Bildirgenin devamında özellikle, Ortadoğu konusunda, “Barış müzakereleri için verimli bir ortam oluşturmak, iki devletli bir çözüme ve ihtilafı sona erdirmeye ulaşmak için Ortadoğu’da barış sürecinin tarafları arasında yakınlaşmayı ve işbirliğini teşvik etmeyi, özellikle Ortadoğu Dörtlüsü kapsamında güvenilir bir siyasi diyaloğun yeniden başlatma çabalarını desteklemeyi ve Mısır ve Ürdün gibi diğer bölgesel aktörlerle birlikte çalışmayı teyit ediyoruz.” ifadesi bölgesel konularda da Türkiye ile ciddi bir yol aldıklarını gösteriyor.

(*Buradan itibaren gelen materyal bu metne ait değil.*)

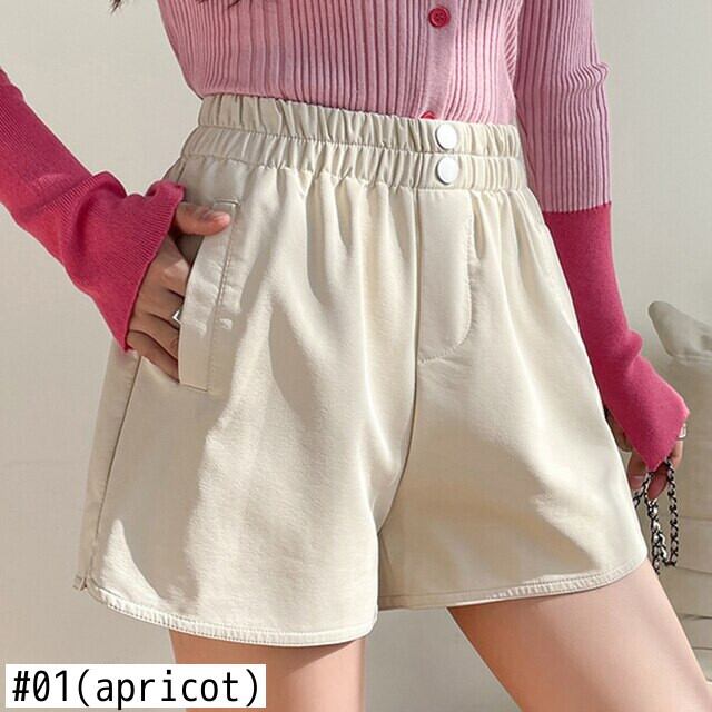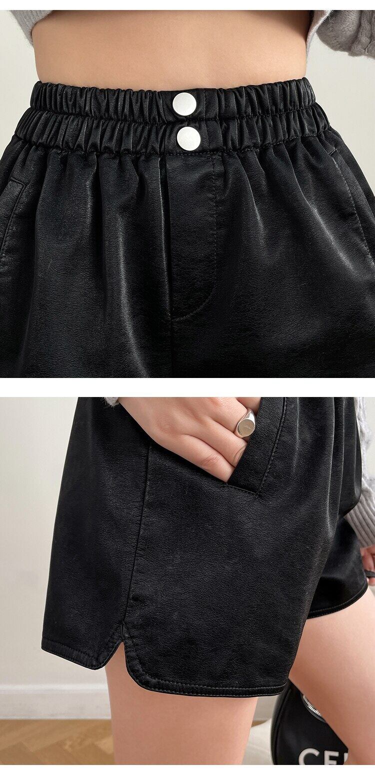 LJSXLS 秋弾性ウエスト Pu レザーショーツ女性ポケットワイドレッグソリッドベーシックショーツルーズ 2021 冬 エラスティック 伸縮 オータム 秋物 ウィンター 冬物 ブルマー ワイドパンツ ソリッドカラー Son45367623273

Bildirgede, “Libya geneli için 23 Ekim 2020’de yapılan ateşkes anlaşması, 24 Aralık’ta ulusal seçimlerin düzenlenmesine ilişkin yol haritası ve geçici yürütme organının seçilmesiyle kalıcı barış ve istikrarın sağlanması amacıyla Berlin Konferansı’ndan bu yana atılan kayda değer adımları memnuniyetle karşılıyoruz" denilirken, ateşkes anlaşmasının etkin bir şekilde uygulanmasının önemi vurgulanırken, BM Güvenlik Konseyi kararları uyarınca tüm yabancı savaşçıların ve paralı askerlerin geri çekilmesinin öneminin altı çizildi.

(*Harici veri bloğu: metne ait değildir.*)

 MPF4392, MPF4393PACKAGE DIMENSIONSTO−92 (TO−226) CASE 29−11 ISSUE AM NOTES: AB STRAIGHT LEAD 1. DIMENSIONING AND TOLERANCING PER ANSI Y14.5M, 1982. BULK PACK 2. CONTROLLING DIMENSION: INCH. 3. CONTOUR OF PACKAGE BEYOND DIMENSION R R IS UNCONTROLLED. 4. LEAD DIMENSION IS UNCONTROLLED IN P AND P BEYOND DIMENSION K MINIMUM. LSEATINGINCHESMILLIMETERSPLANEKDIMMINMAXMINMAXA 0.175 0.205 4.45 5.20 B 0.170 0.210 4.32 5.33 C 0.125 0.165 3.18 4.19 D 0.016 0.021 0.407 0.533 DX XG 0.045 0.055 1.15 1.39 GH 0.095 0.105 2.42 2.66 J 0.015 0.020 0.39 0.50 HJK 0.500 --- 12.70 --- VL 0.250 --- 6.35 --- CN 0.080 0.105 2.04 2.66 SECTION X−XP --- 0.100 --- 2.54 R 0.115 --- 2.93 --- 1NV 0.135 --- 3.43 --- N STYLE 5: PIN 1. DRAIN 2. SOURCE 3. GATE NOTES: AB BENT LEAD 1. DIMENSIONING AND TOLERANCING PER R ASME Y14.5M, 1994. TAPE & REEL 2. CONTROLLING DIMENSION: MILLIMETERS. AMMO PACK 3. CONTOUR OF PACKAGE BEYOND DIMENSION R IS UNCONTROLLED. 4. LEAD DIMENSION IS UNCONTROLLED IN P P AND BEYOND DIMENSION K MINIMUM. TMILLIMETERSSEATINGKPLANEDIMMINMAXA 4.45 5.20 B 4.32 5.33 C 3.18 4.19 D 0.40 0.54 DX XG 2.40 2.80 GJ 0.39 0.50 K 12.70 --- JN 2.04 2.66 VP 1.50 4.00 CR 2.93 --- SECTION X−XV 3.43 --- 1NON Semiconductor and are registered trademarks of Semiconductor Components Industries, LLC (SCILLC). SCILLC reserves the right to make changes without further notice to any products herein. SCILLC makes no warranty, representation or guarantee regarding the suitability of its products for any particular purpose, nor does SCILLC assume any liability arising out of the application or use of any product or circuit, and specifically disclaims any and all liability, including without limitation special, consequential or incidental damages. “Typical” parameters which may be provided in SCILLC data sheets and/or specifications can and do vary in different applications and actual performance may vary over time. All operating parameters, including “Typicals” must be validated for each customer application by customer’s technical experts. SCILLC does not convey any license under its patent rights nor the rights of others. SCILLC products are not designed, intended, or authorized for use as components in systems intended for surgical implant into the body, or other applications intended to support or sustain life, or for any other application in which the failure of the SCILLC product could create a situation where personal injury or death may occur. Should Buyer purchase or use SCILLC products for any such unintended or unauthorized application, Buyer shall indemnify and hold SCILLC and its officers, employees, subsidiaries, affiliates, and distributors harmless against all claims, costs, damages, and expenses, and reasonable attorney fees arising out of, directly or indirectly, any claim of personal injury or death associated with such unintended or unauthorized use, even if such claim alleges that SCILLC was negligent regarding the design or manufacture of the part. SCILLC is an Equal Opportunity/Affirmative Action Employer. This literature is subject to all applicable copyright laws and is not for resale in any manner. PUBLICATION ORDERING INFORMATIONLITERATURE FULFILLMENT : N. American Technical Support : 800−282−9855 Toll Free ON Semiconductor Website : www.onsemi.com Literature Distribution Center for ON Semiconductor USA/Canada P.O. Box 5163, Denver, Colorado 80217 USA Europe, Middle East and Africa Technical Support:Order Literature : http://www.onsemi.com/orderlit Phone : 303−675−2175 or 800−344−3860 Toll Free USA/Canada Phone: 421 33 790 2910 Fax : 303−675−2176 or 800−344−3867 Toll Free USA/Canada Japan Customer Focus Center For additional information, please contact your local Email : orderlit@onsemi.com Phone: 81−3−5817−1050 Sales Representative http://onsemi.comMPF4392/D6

Tüm bu cümlelerle, Almanya ve Fransa arasındaki çelişki noktalarında uzlaşmaya varıldığı ve ortak bir biçimde Türkiye ile yeni bir yola girildiği anlaşıldı. Bu stratejik ortaklığın başta Kürt halkı olmak üzere bölge halklarına faturasının ağırlığı ise "her şey dünya barışı için" yalanıyla bildirge olarak servis ediliyor!